It's with a childlike wonder and awe that Mina Hamada navigates thoughts and dreams and transcribes them onto walls - bringing her imagination out into the physical world.
The love for murals began in one of the world capitals of street art - Barcelona. Hamada fell for the way the art on the streets looked. The city of Barcelona is an incredible place, a true trendsetting environment, kindly decorated by some of street art's greatest pioneers.

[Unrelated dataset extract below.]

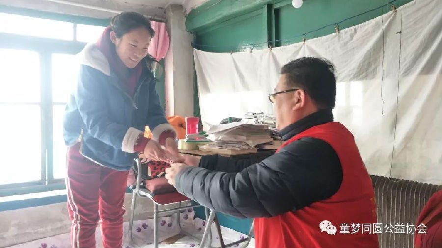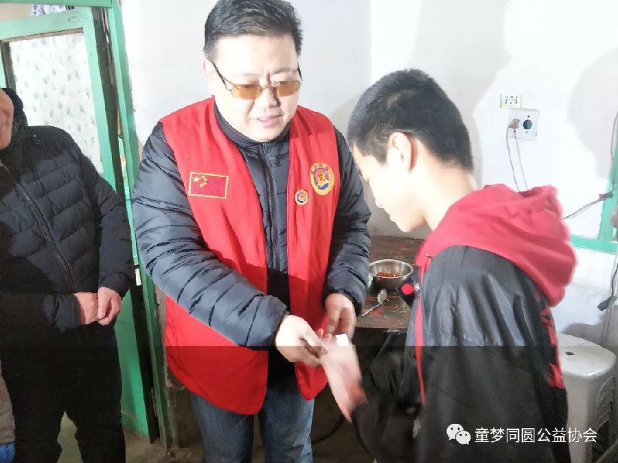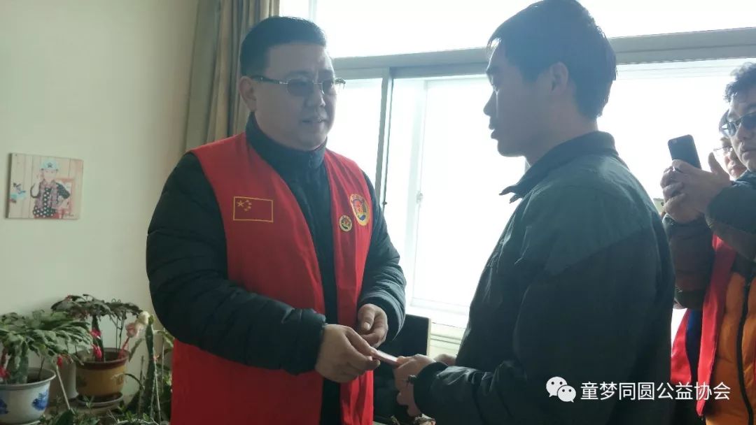 第三分会副会长谭昕将1200元阳光助学基金交到小振博的父亲手中

Hamada is American by birth, but was raised in Tokyo. These strong visual culture helped lay the foundations for Hamada's creations. In large-scale colourful murals, abstract shapes collide and collate with fruits, animals and instruments in a way that only a dream could formulate. From a distance, the jigsaw-like compositions look like a Technicolor Guernica by Pablo Picasso - although theme and tone are vastly different, they're both vast messages asking to be decoded.

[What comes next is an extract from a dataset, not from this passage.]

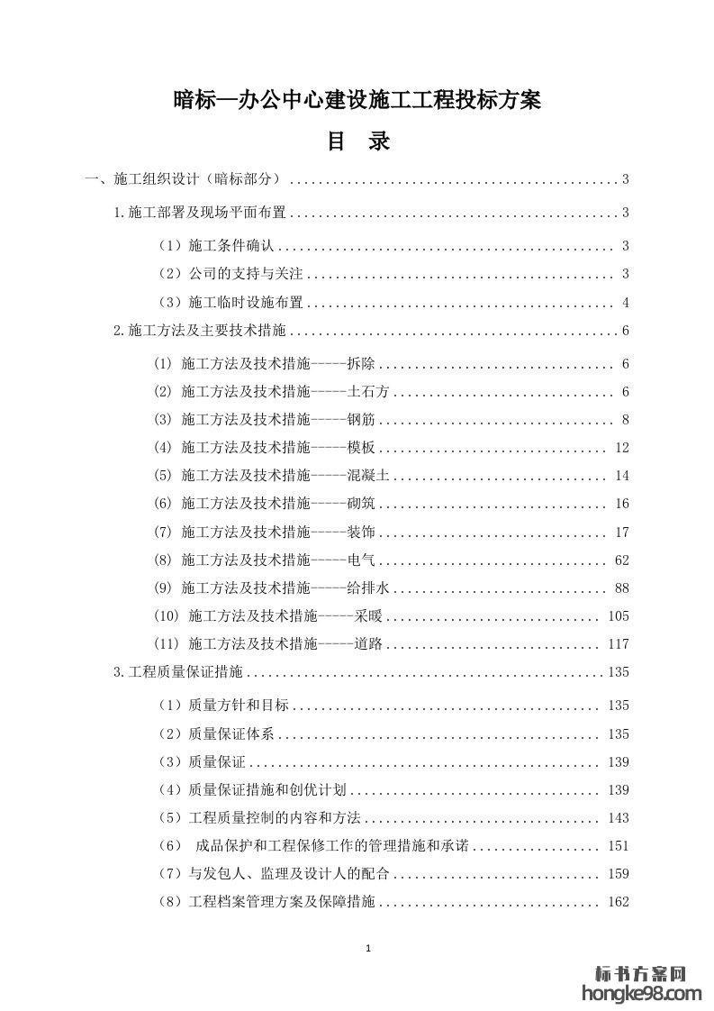 标题:办公中心建设施工工程标书投标方案(240页)

Collaboration with other artists is important in her work, but her internalised collaboration with two sides of herself, the conscious and unconscious, is perhaps the most dazzling. The free-form quality of the pieces have a jazz-like spontaneity - who says that dreams only happen when you sleep?
In these creation-dream states, Hamada has said that once the artwork is finished she is often surprised with the results, as if what she has been doing wasn't entirely thought through, but an improvisation with the environment and her feelings.

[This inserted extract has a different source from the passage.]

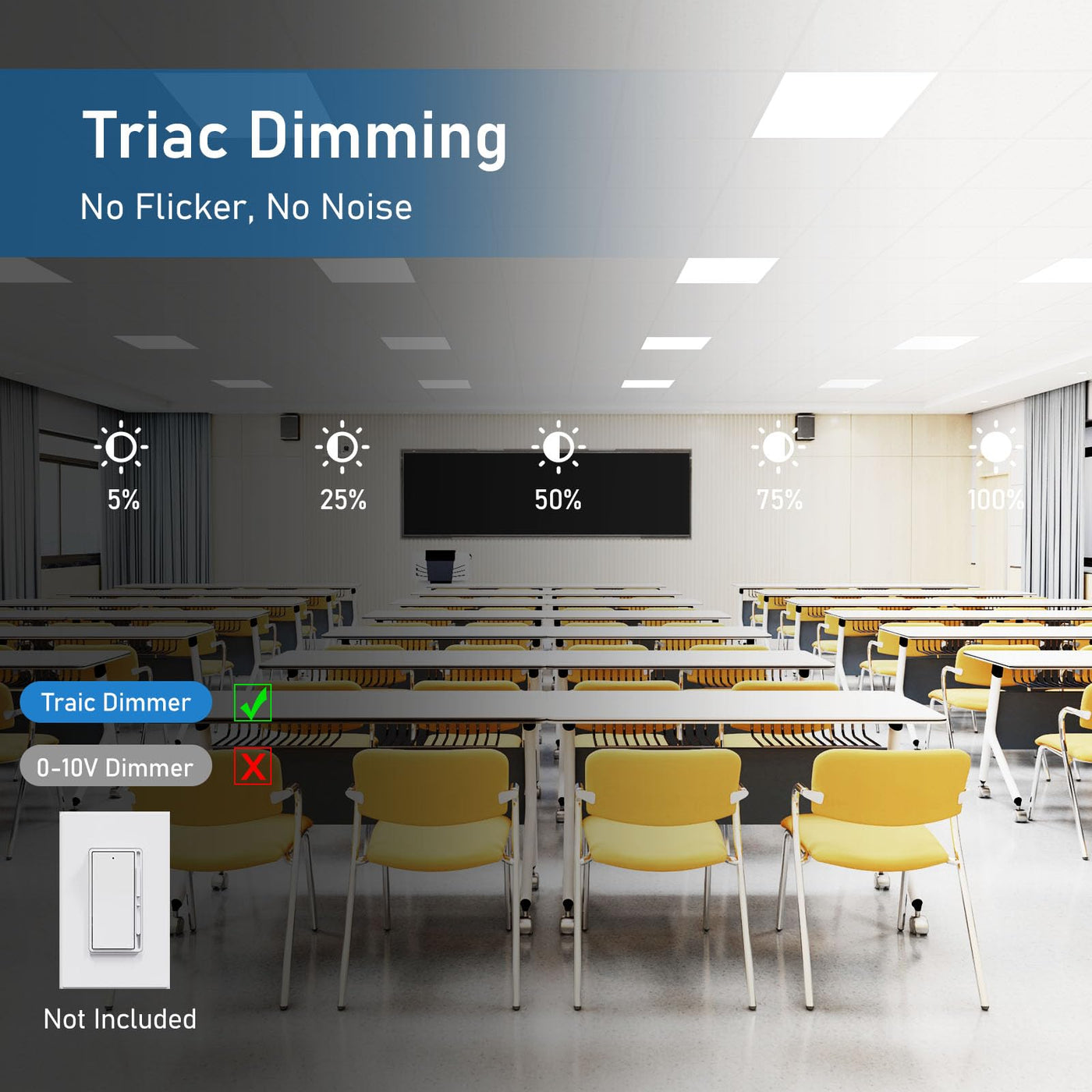 - **Triac Dimmable Functionality**: Enjoy seamless brightness adjustments from 5% to 100% with compatible triac dimmers. This allows for smooth transitions in lighting without flickering or buzzing, ensuring a comfortable and uniform light output, perfect for meeting rooms or lecture halls.

Themes often associated with Eastern and Western culture appear in her artwork. That makes sense, afterall if the work comes from what's inside you, then displaying your upbringing and heritage seems natural. By channelling her own energy, the pieces have a vibrant spirit of their own. It's something that surprises both her and us. What will come next depends on how much of her own mind she is willing to reveal.